資生堂「子育て女性に優しい」の先にあるもの 女性活用ジャーナリスト・中野円佳氏に聞く
両立支援制度を充実させただけでは不十分
――改革に踏み切った背景として、資生堂はどういう課題に直面していたのか。
2011年、厚生労働省出身の岩田喜美枝副社長(当時)に、インタビューしたことがある。その際、「(仕事と育児の)両立支援制度を充実させた結果、働くための制度ではなく、女性が休むための制度となってしまった」と、それをどう脱するか考えておられた。今回の働き方改革は、資生堂が当時からの問題意識を実行に移したもの、と理解している。
――両立支援制度が「働くための制度ではなくなってしまった」理由とは。
これは、資生堂だけではなく、多くの日本企業が抱える問題。
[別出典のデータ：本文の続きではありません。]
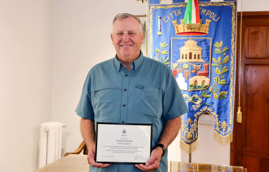 Dal Texas fino in Toscana per ripercorrere i mesi di guerra del '44, quando Empoli fu liberata. Il sindaco ha accolto Schuchart e la moglie Vivian Torres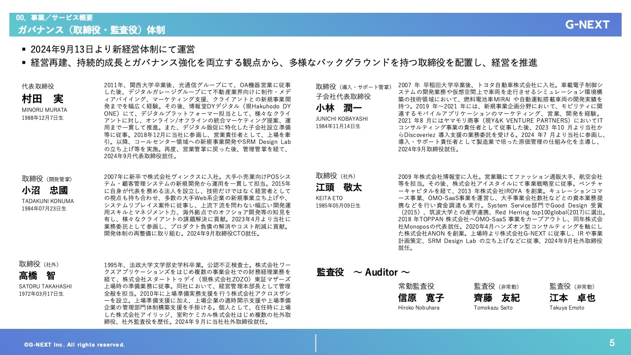 そのほか、経営体制についてはスライドに記載のとおりです。多様なバックグラウンドを持つ取締役を配置し、経営を推進しています。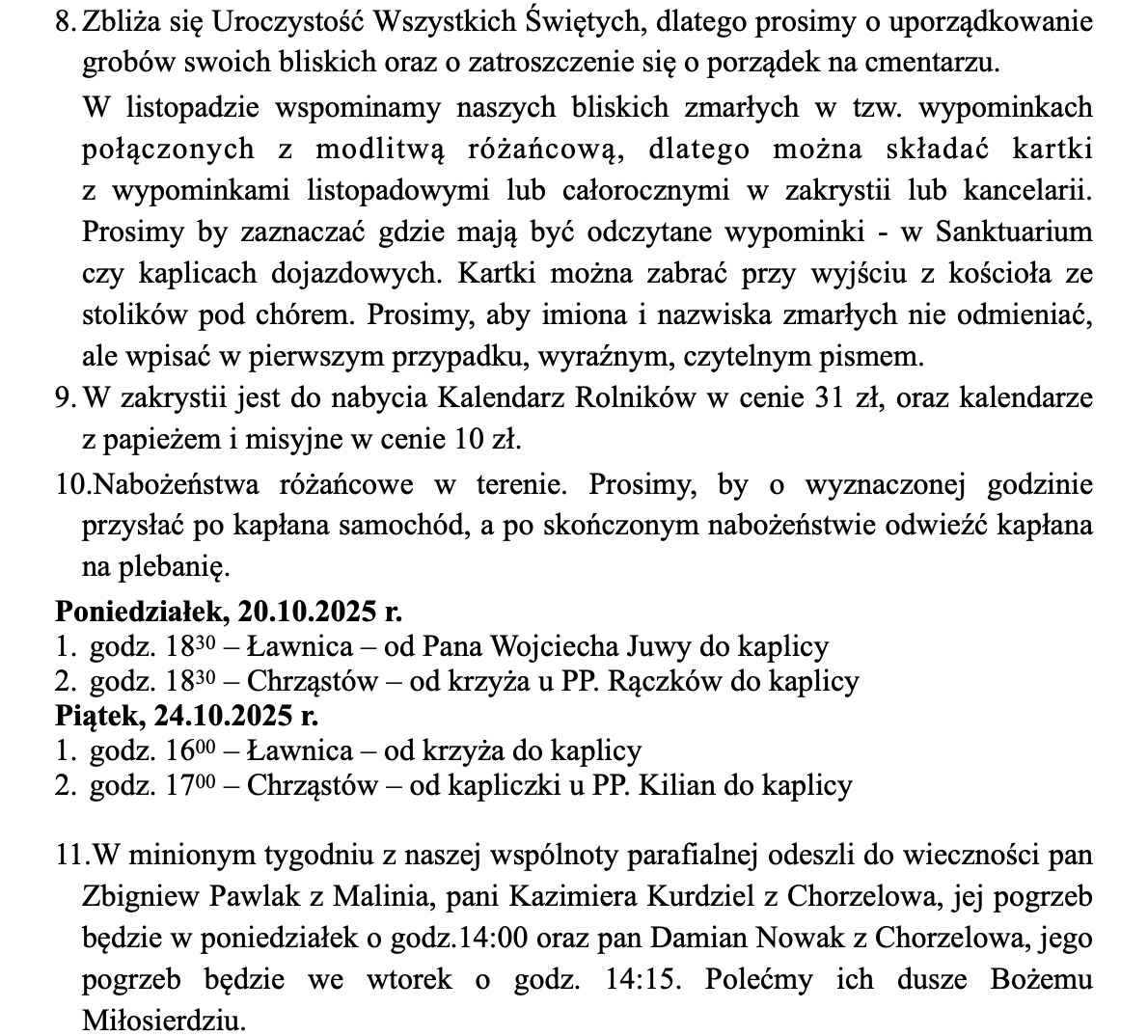Ogłoszenia, 26 października 2025 r.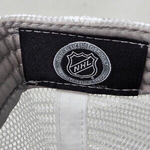 tags: adjustable snapback, mesh trucker hat, hockey team hat, sports fan hat, breathable cap, curved bill hat, team logo hat, lightweight hat, fan gear, polyester hat, gray navy hat, NHL apparel, Washington Capitals hat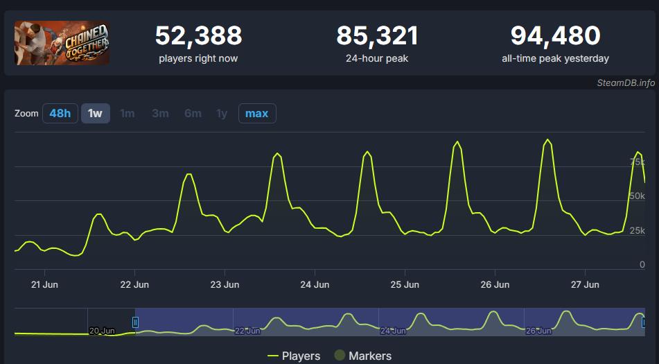 眼瞅着高考結束,正是拉着三五個同學一起打遊戲開黑的好時機,這不小弟現在正愁給大家找點什麼遊戲開黑的時候,就發現Steam上一款叫做《鏈在一起(Chianed Together)》的遊戲突然火了。
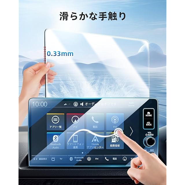 【9H高硬度ガラスフィルム】新型ホンダ シビックタイプR 保護フィルムには9H硬度素材を採用し、ガラスを強化することで外界からの衝撃(鍵や硬いものなど)を吸収し、映像へのダメージを最小限に抑えます。 貼った事で傷が付かない安心感で生まれました。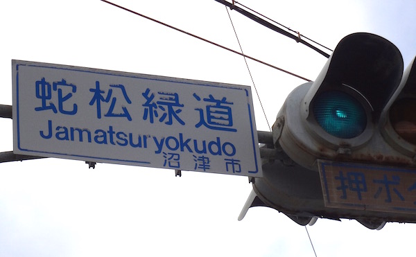 交差点の名前にも「蛇松緑道」としっかりと書かれている。地図の(8)の場所。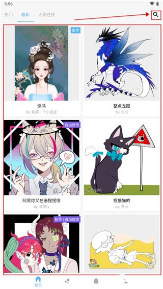 2、点击界面右上角的搜索进入搜索界面,用户可以通过输入关键词来寻找自己感兴趣的作品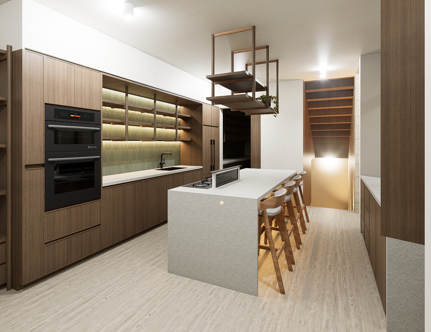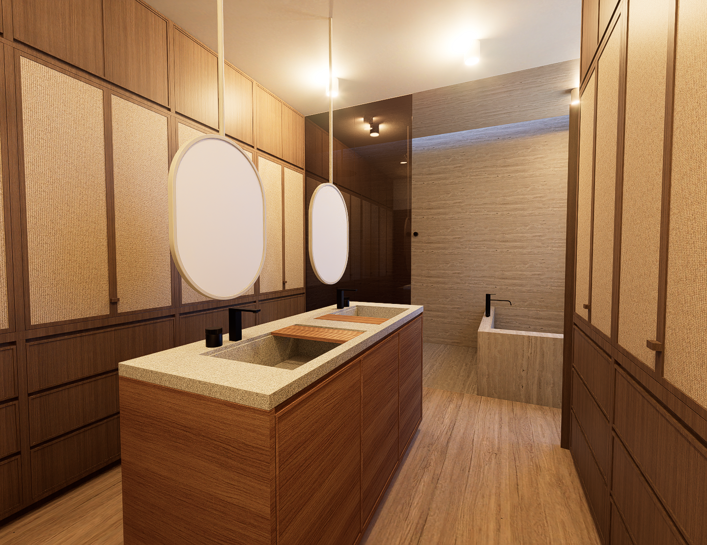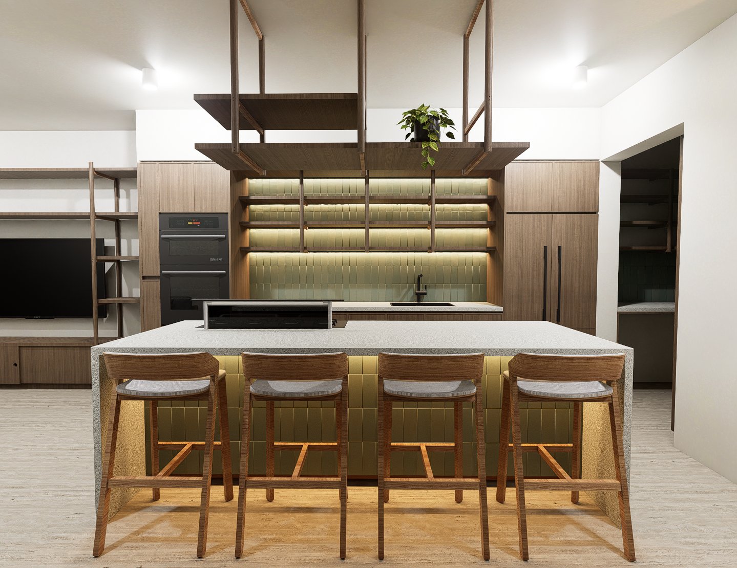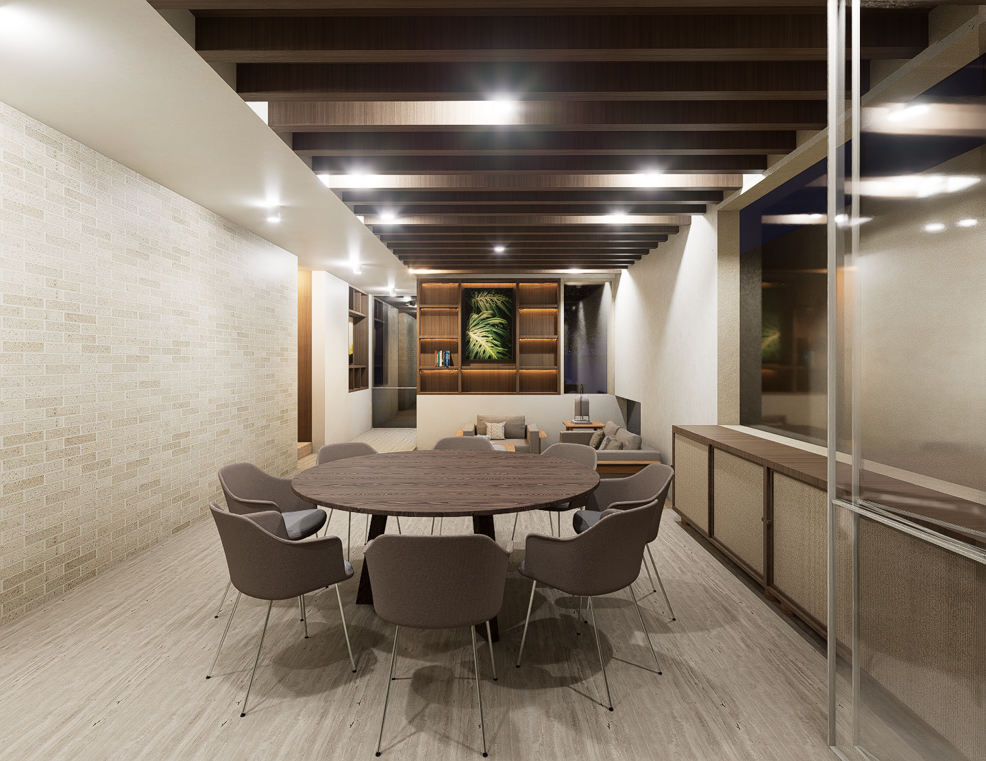 La habitación principal se construye en torno a dos patios interiores que regulan la temperatura y permiten una ventilación cruzada constante, generando privacidad sin perder apertura. Las habitaciones secundarias también se benefician de esta estrategia pasiva, reduciendo la necesidad de sistemas mecánicos y favoreciendo el confort térmico natural. La cocina, separada del área social, se conecta con la terraza y se convierte en un espacio articulador entre lo cotidiano y lo colectivo.

育児中の社員の両立支援だけを進めて、ちゃんと成長機会を与えるという観点が薄かった。
その結果、両立支援制度を使うと、いわゆる「マミートラック」(両立できるが、昇進・昇格とは縁遠い部署や役職に回されてしまうこと)に、はまってしまう。2人目を産みたいと思っていたら、いつまでも「戦力外」から抜け出せない。資生堂の美容部員の場合、育児中だからといって仕事の内容が変わるわけではないが、手を挙げにくい、管理職になりたいのになれない、という意味では、これに該当するのではないか。したがって、「今日はやれるけど、毎日は無理です」という、ケースバイケースの対応を可能にした今回の改革は、自然な流れだと思う。
ただし、資生堂が美容部員のシフト職場でケースバイケース対応ができるのは、時短社員が帰ったあとのシフトを、美容専門学生や美容部員OGからなる「カンガルースタッフ」(派遣社員)で補っているから。
現在、多くの企業は、こうしたフォローアップ制度を持たないまま両立支援制度を充実させているので、周囲にしわ寄せがいって、不満がたまりやすい構造になっている。それを解消するために、制度はあるけど、「使わないでね」と言ってしまっている。